Zum Mythos wurde er 1989: Er unterzeichnete am 9. Oktober 1989 den „Aufruf der Leipziger 6“zur Gewaltlosigkeit bei der entscheidenden Montagsdemonstration. Rund 70.000 Menschen hatten sich in Leipzig versammelt, um unter dem Ruf „Wir sind das Volk“gegen die Verhältnisse in der DDR zu protestieren. Über den Leipziger Stadtfunk und rund 200 Lautsprecher rief Kurt Masur zur Besonnenheit auf. Neben dem Dirigenten waren am „Aufruf der Leipziger 6“Pfarrer Peter Zimmermann, der Kabarettist Bernd-Lutz Lange und die Sekretäre der SED-Bezirksleitung Kurt Meyer, Jochen Pommert und Roland Wötzel beteiligt. Der 9. Oktober 1989 gilt seither als entscheidender Tag der friedlichen Revolution.

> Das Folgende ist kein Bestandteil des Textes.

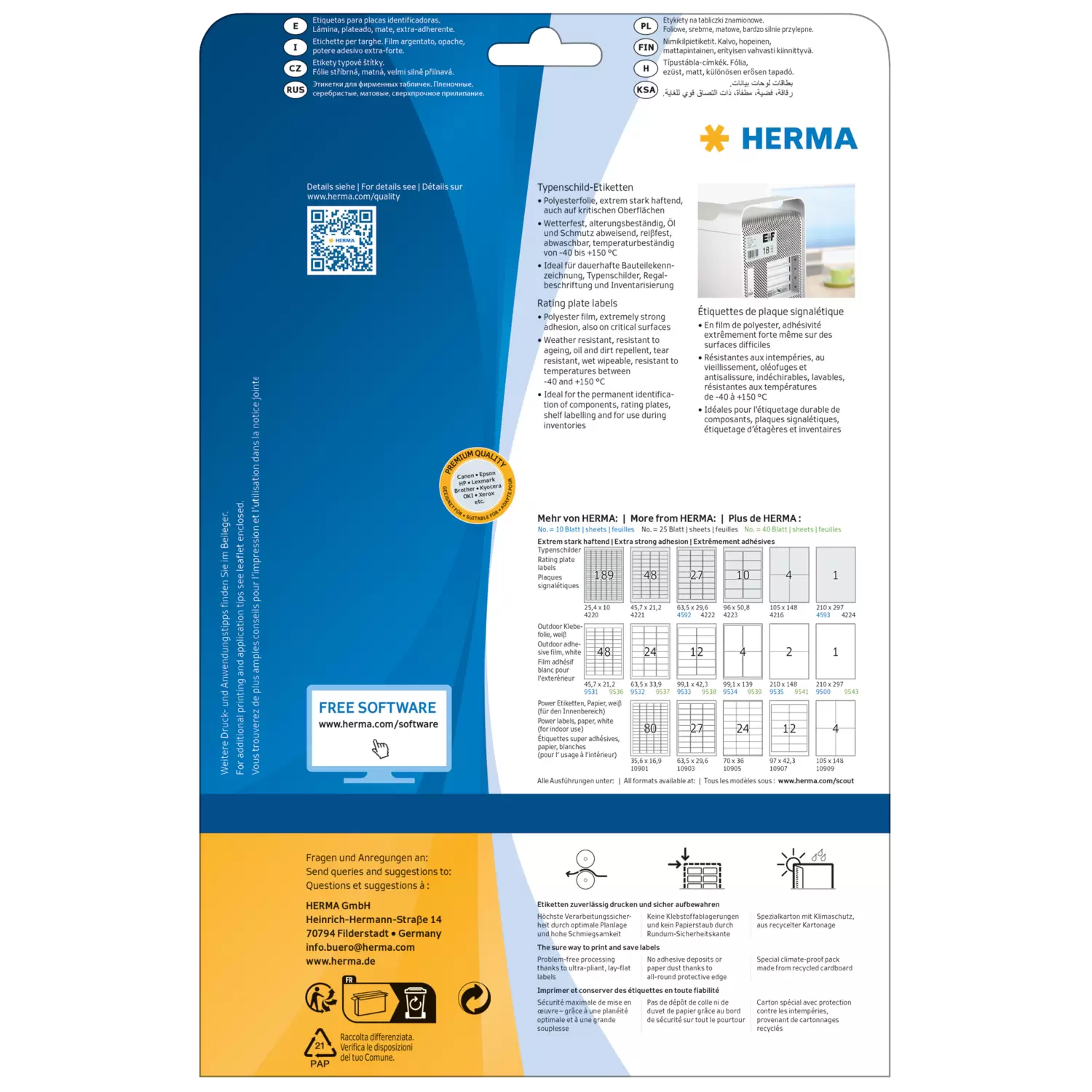Typenschild-Etiketten, silber, A4, 96 x 50,8 mm, extrem stark haftend, wetterfest, reißfest

Der in Schlesien geborene Masur begann mit fünf Jahren, sich selbst Klavierspielen beizubringen. Eigentlich wollte er Organist werden. Doch als 16-Jähriger erfuhr er, dass seine Finger wegen einer genetischen Sehnenverkürzung verkrüppeln würden. Er sattelte aufs Dirigieren um, studierte an der Musikhochschule Leipzig und wurde bald Chefdirigent bei Walter Felsenstein an der Komischen Oper Berlin sowie bei den Dresdner Philharmonikern. Im August 1970 trat er in die Fußstapfen Felix Mendelssohn Bartholdys – als Kapellmeister des Leipziger Gewandhauses. 27 Jahre sollte er dort wirken.
Von 1991 bis 2002 war er Chefdirigent der New Yorker Philharmoniker, von 2002 bis 2007 in gleicher Funktion beim London Philharmonic Orchestra; und bis 2008 leitete er das Orchestre National de France. Noch als über 80-Jähriger tourte er neun Monate im Jahr um die Welt. „Es hält mich fit, wenn ich weiß, morgens um 10 Uhr ist Probe. Soll ich aufhören und auf den Tod warten?“, sagte der Maestro. Auch nach einem Sturz im Frühjahr 2012 in Paris, bei dem er sich das Schulterblatt gebrochen hatte, kehrte er an das Dirigentenpult zurück.
Bei den Salzburger Festspielen trat er als Dirigent von Wiener Philharmonikern, Gewandhausorchester und New York Philharmonic auf.